WORK TASK :: Verbatim copy without images: return all of the data as it stands.

GIVEN MATERIAL ::
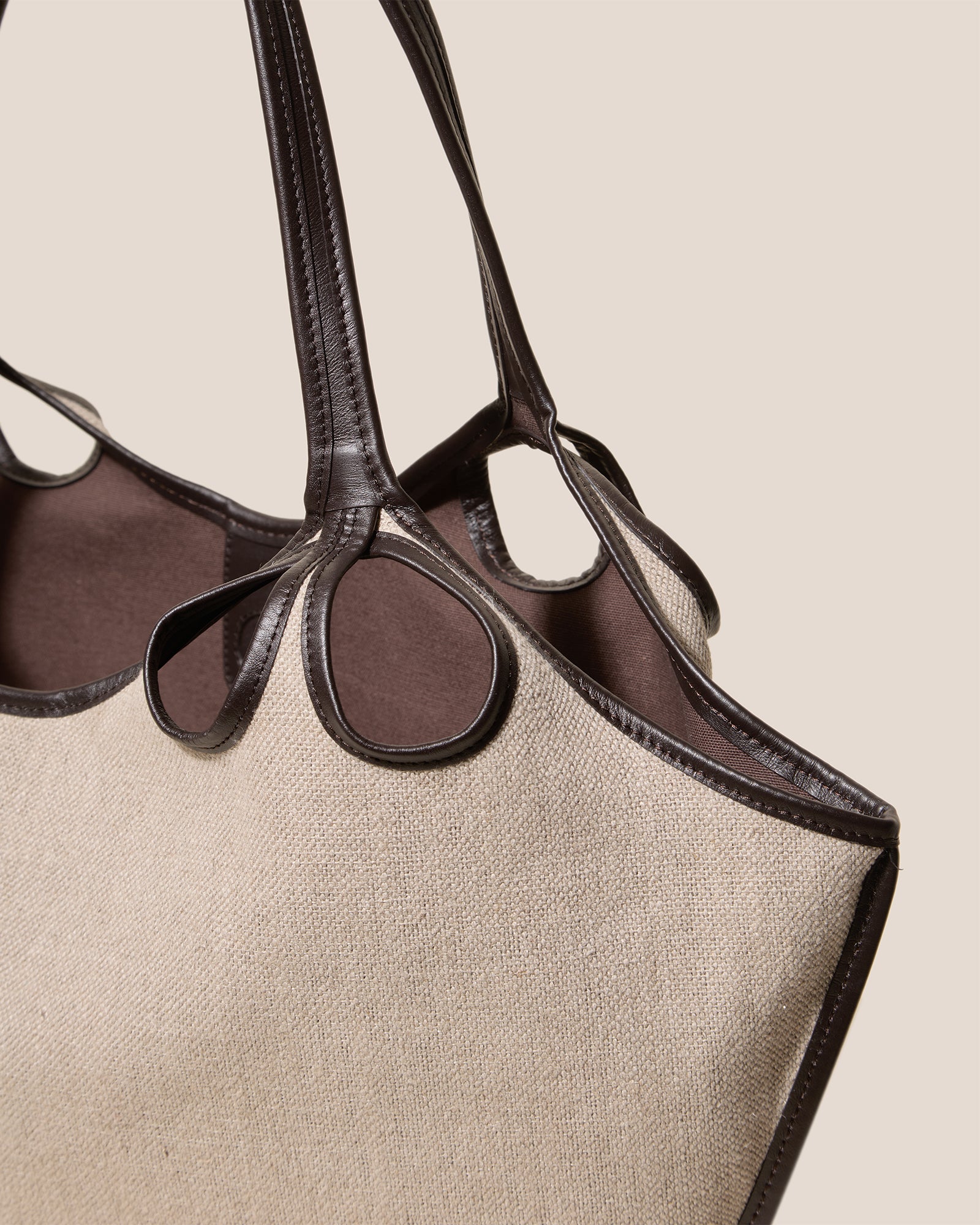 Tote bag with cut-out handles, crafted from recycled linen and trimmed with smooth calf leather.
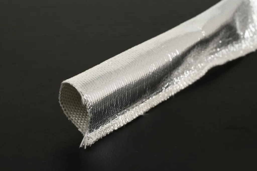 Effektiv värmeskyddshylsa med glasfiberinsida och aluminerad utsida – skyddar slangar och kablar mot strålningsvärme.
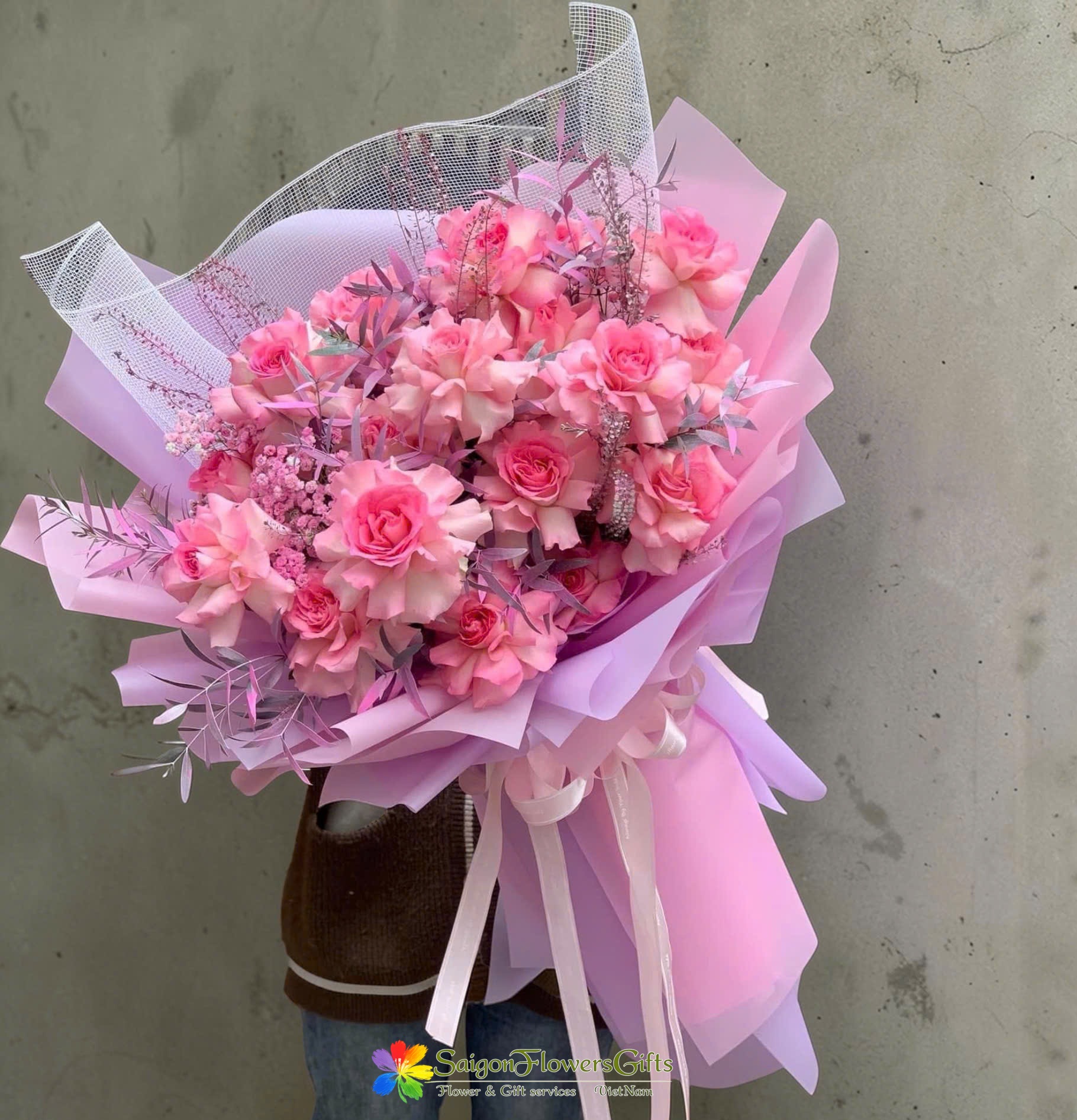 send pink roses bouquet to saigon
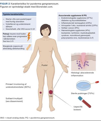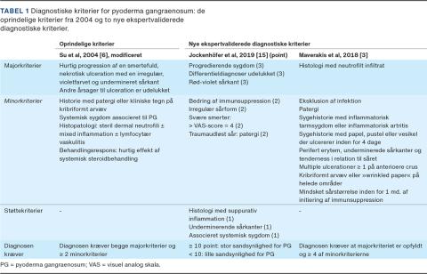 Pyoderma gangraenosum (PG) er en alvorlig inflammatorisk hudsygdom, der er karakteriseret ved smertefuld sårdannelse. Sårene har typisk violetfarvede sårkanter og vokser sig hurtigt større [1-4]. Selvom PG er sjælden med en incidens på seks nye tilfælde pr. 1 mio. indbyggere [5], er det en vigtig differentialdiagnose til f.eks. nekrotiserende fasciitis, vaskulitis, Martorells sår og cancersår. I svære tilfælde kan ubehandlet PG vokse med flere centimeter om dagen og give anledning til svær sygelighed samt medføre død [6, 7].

RESPONSE ::
 Tote bag with cut-out handles, crafted from recycled linen and trimmed with smooth calf leather.
 Effektiv värmeskyddshylsa med glasfiberinsida och aluminerad utsida – skyddar slangar och kablar mot strålningsvärme.
 send pink roses bouquet to saigon
 Pyoderma gangraenosum (PG) er en alvorlig inflammatorisk hudsygdom, der er karakteriseret ved smertefuld sårdannelse. Sårene har typisk violetfarvede sårkanter og vokser sig hurtigt større [1-4]. Selvom PG er sjælden med en incidens på seks nye tilfælde pr. 1 mio. indbyggere [5], er det en vigtig differentialdiagnose til f.eks. nekrotiserende fasciitis, vaskulitis, Martorells sår og cancersår. I svære tilfælde kan ubehandlet PG vokse med flere centimeter om dagen og give anledning til svær sygelighed samt medføre død [6, 7].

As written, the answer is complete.